Foreign Secretary Jack Straw has
expressed concern about the deportation and plans to stay in contact with
Miss Lamb about any further representations to Pakistan.
Miss Lamb said she had uncovered
evidence of a covert operation by rogue elements in the Pakistani military
intelligence service to smuggle arms to the Taleban. But the deportation
order vaguely described the reason as "acting in a manner prejudicial to
the external affairs and security of Pakistan".
Miss Lamb said: "It's a matter of
huge concern that a country we are in alliance with in fighting for freedom,
is treating people in such a barbaric manner.
"To deport people without giving
them any chance to answer any charge that they are supposed to have done
is incredibly frustrating."
The Sunday Telegraph is planning
legal action against Pakistani newspapers that recently claimed the pair
had booked an airline ticket from Quetta in the name of Osama Bin Laden.
Miss Lamb, who has a two-year-old son called Lorenzo, said that was not
true and related to a throwaway remark she made to a travel agent who said
she could book a flight under a false name.

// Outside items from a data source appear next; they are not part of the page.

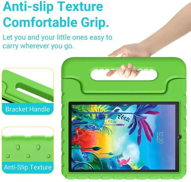[For LG G Pad 5 10.1 ] Designed only for LG G Pad 5 10.1 FHD 2019 tablet. NOT compatible with any other models. Please check the model number on the back/packing box of your tablet before purchase ^^ [Lightweight] Constructed from shock-absorbing and impact-resistant non-toxic EVA foam material, and this Super lightweight kids case will efficiently protect your tablet from scratching and shocking ^^ [Portable Design] Large handle designed for comfortable one-hand grip to easily carry and travel. The handle can be folded, stand with 2 angles for convenient viewing, typing, learning and entertainment.
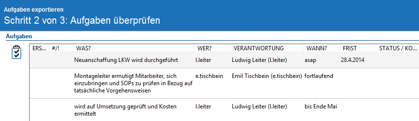 - Im 2. Schritt finden Sie eine Auflistung der Aufgaben, die erstellt werden sollen. Überprüfen Sie die Aufgaben, Verantwortungen und Fristen.
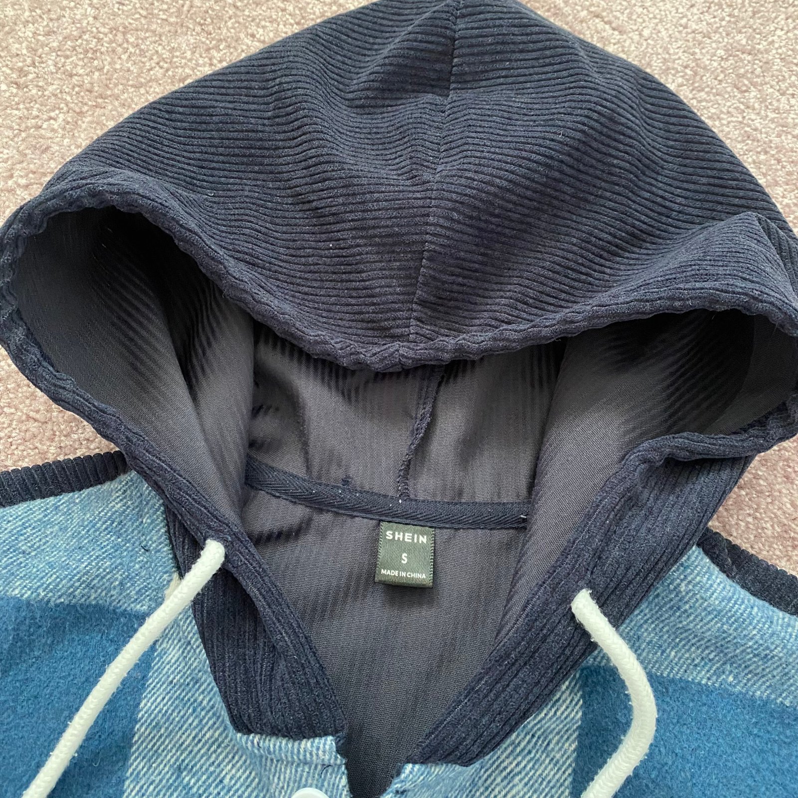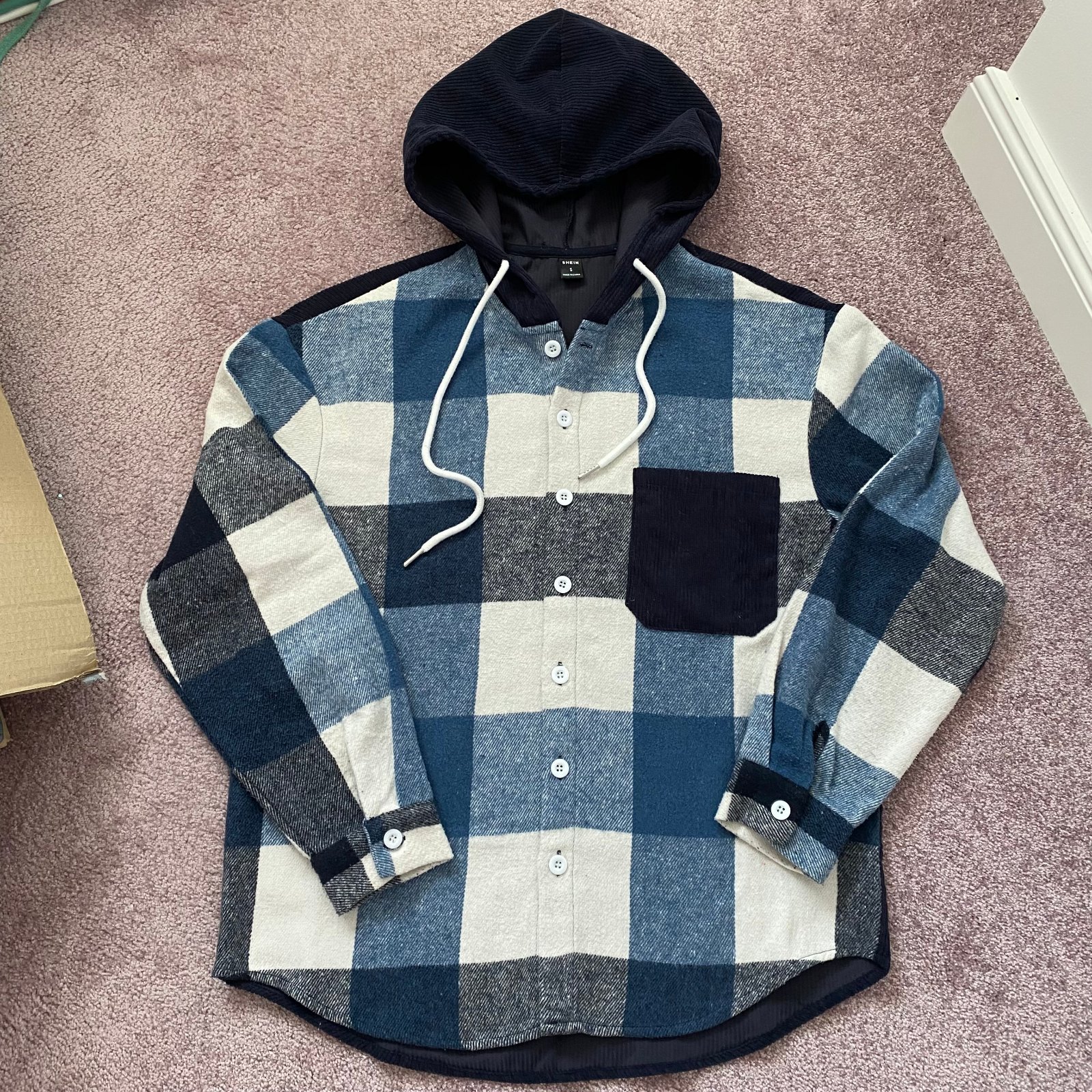Prechodná flanelová košeľa, predná strana bielo-modro-sivá kocka. Zadná strana a kapucňa - tmavomodrý menčester. V zachovalom stave. Dĺžka je 70cm, šírka je 55cm, dĺžka rukáva 56cm.

She said she thought the airline
ticket stories, which accused her of trying to prove Bin Laden was in Pakistan,
were the pretext for the deportation. Her son and boyfriend in Portugal
were worried about her safety after they were told by the hotel she had
checked out in the middle of the night.
Miss Lamb, who has been reporting
in Pakistan since 1987, said her detention was very frightening and made
her feel like a criminal. She said she thought it was probably the result
of her investigations into the allegedly pro-Taleban actions of the Pakistani
military intelligence.
Miss Lamb told BBC News Online:
"Even the spokesman for President Musharraf was shocked to hear about our
experience and other senior government officials knew nothing about it.
"This begs the question 'Is he really
in control of the military intelligence and who is actually running the
country?'"
Sunday Telegraph editor Dominic
Lawson said: "We have been given no reason for the deportations beyond
the vaguest generalities. "Christina was simply carrying out her duties
as a journalist."
Labour rebel MP Paul Marsden was
on a fact-finding mission in Pakistan when Miss Lamb was detained. She
said he helped to raise the alarm about her plight and may have helped
secure her freedom. Miss Lamb said she wanted to return to Pakistan to
continue her work as soon as possible.